创建方法，使用按位运算检查x + y是否溢出 [英] Create method which checks if x + y will overflow using bitwise operations

问题描述

我需要在C中使用按位运算创建一个方法，该方法检查x + y是否溢出.我最多只能使用以下20种操作； ！ 〜& ^ | +<< >>请记住，我必须同时测试负数和正数.

I need to create a method in C using bitwise operations which checks if x + y will overflow or not. I can only use a maximum of 20 of the following operations; ! ~ & ^ | + << >> Keep in mind I have to test for both negative and positive numbers.

我已经尝试过几次以使其正常运行.我的逻辑声音吗?我要经过: 如果(x + y)小于x，则表明它已溢出.根据这种逻辑，我写了这个；

I've tried several times to make it work.
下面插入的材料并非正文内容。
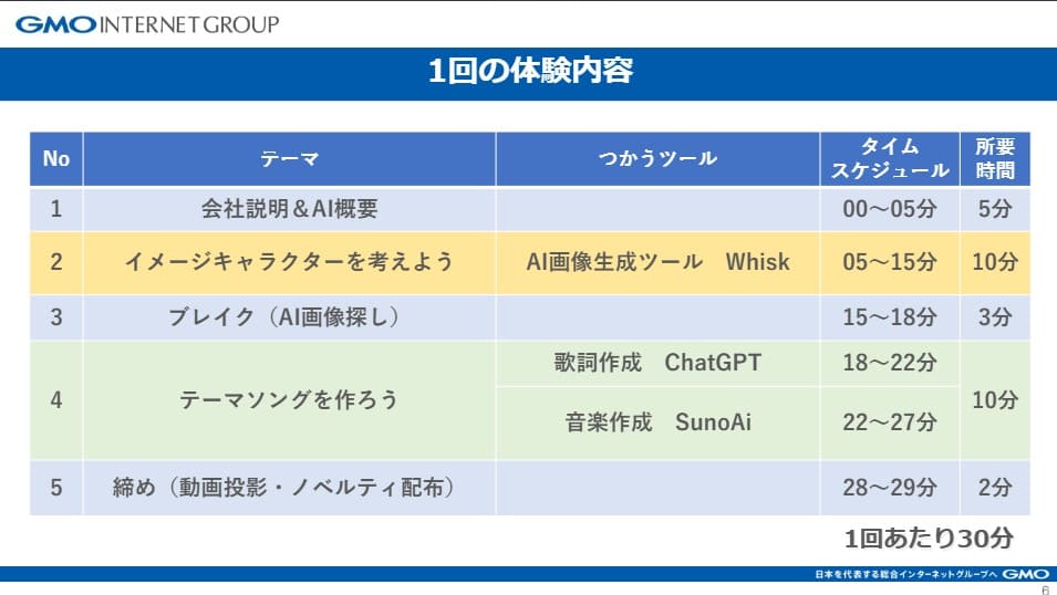 1コマあたりの体験時間は30分。限られた時間の中で、GMOインターネットグループの紹介や仕事内容への理解を深めていただくとともに、私たちが日常業務で活用しているAI技術に実際に触れてもらいました。子供たちがこれから成長してく未来において、AIは切り離せない存在です。体験を通じて、そのおもしろさや価値を感じてもらうと同時に、AIの脅威や使い方の注意点についても正しく伝えるコンテンツを構成しました。

Is my logic sound? I'm going by: if (x + y) is less than x, then it has overflowed. Based on that logic, I wrote this;

int addOK(int x, int y)
{
  int sum = x + y;
  int nx = ((~x) + 1);
  int check = (sum + nx)>>31;
  return !check;
}

谢谢！

推荐答案

这应该有效，但它不仅使用按位运算符，而且还适用于带符号运算符:

This should work, but it doesn't use only bitwise operator, but it work for signed :

int addOK(int x, int y)
{
  int check;
  if (greaterThan(0, x^y)) 
    check = 0; 
  else if (greaterThan(x, 0)) 
    check = greaterThan(y, INT_MAX -x);
  else 
    check = greaterThan(INT_MIN -x, y);

  return check;
}

int greaterThan(int first, int second) {
   /* first > second means second - first is less than 0
      shift the sign bit and then compare it to 1 */
   return (second + (~first +1)) >> ((sizeof(int) * 8) -1) & 1;
}

如果两个数字都为正，就足够了:

If the two numbers are both positive should be enough :

int addOK(int x, int y) {
 if(x^y < 0)
   return 0;

 return 1;
}

这篇关于创建方法，使用按位运算检查x + y是否溢出的文章就介绍到这了，希望我们推荐的答案对大家有所帮助，也希望大家多多支持IT屋！